Acquiesce, access, mobility, interchange, precludes, incompetent, dilemma, osmosis. All words from the above paragraph. None are words that would have been used in the conversations I would have heard or would have had with my parents. Most of the words would have been unknown to them and to me at the time. They come from language I have borrowed from others and the act of speaking them makes the distance between who I am and who I have been. When I began to read “difiicult” books in my late teens, I learnt to read “big words” with my pocket Oxford Dictionary. When I think to use a word now, I consult my good friend the Oxford Dictionary on my phone. He always helps me not to make a fool of myself by confirming, or not, the appropriateness of the word I am about to use.

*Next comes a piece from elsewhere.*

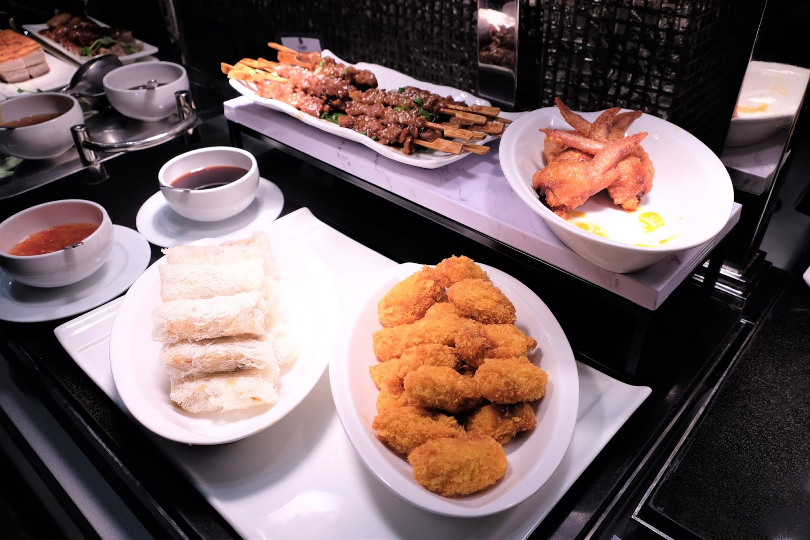有印式魚肉沙律、泰式鳳爪、薯仔沙律、吞拿魚沙律、蠔油齋上素、甜酸齋上素、中華沙律及日式螺肉、蟹肉啫喱、海鮮紫菜蛋卷、煙三文魚、雜肉腸、黑椒吞拿魚及蕃茄肉伴軟芝士意大利黑醋汁。

And then there are the idioms (just checked that). I am supposed to say, my friend and I because, my friend must be seen to come first and I must pretend that I am only an afterthought. The rationale I have heard is that you should not thrust yourself forward. It was the Victorians who insisted on this. They even went as far as to refer to themselves as ‘one’, as if it was shameful to get more personal. Ironic that they thrust themselves on most parts of the world at the time! But now I have to conform if I do not want to drop the Me and my mate bomb into a conversation. Every group has its rules, without exception and these are the rules of the group I now find myself in. The people in my group are reasonable people and, if you speak reasonably, they will be understanding and sympathetic. But do not break the rules. The rules are how we identify who is us and who is them.

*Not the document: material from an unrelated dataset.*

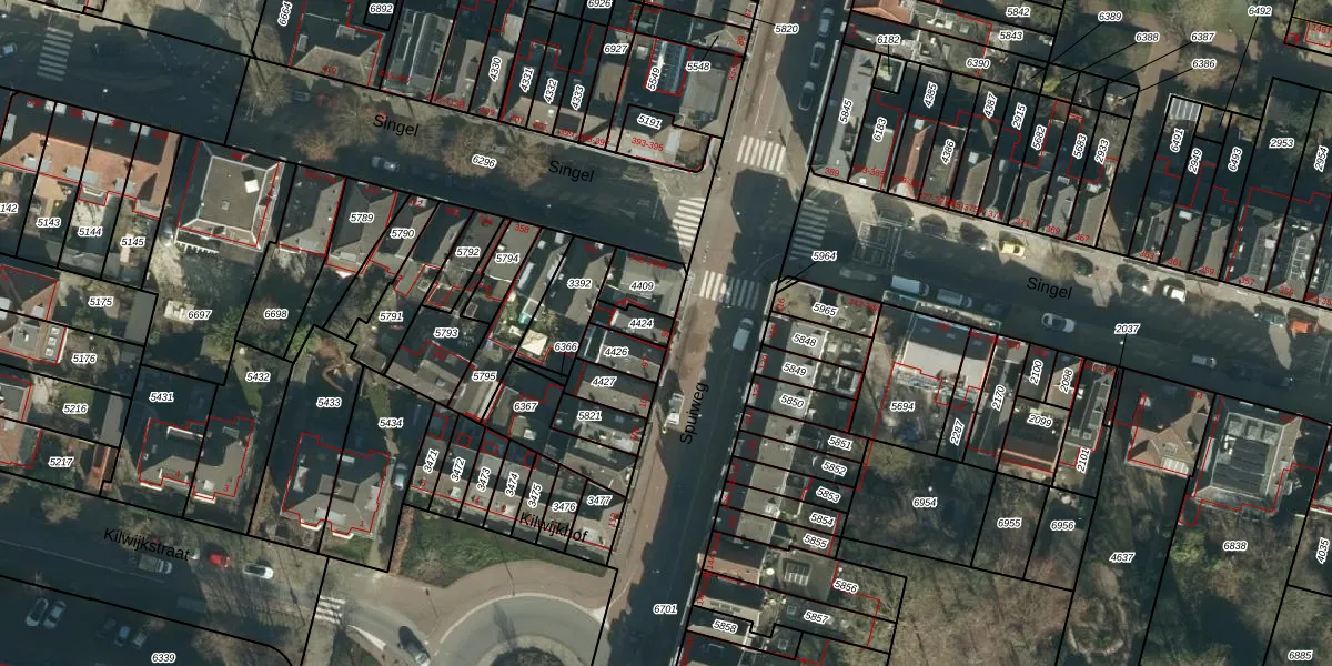 Het perceel waarop Spuiweg 95 staat heeft een oppervlakte van 52 m². Dit is een klein perceel. De perceeloppervlakte wordt geregistreerd door het Kadaster. Gedetailleerde informatie over de maten van dit perceel kunt u vinden in het rapport Kadastrale kaart met maatvoering van Spuiweg 95.

So where can I stand in relation to my own work? It is very personal. Direct and in your face some would say. Should I have a bit of confidence in my own work? Stand behind it with a bit of muscle? Sometimes I do stand behind it but there’s always the shadow of a ‘fuck you’ in that.
Maybe you’ve never had to feel fuck you. You say that to someone who assumes right to such an extent that they are impervious. There are such people. They just know, in their bones, that the world belongs to them. I once saw film from apartheid South Africa. Some black people were demonstrating. A young white man strode over and starting punching people hard. Apart from the morality of this act, it would have been extremely stupid in another context. The black men he was punching were just as strong as he was. But here, under the apartheid system, the man ‘knew’ he had this right and that the blacks were recalcitrant children and any black man who retaliated must first overcome the fear that he might be right. I am reminded of something I read once about the Mau Mau and the experience of actually killing a white man. It was transformative because, up to then, they didn’t know that these people were not gods. I am not making a point about black and white because these mechanisms exist in any class society. It is uncomfortable to talk about because it exposes all the accommodations we have made in order to just get on with our everyday lives.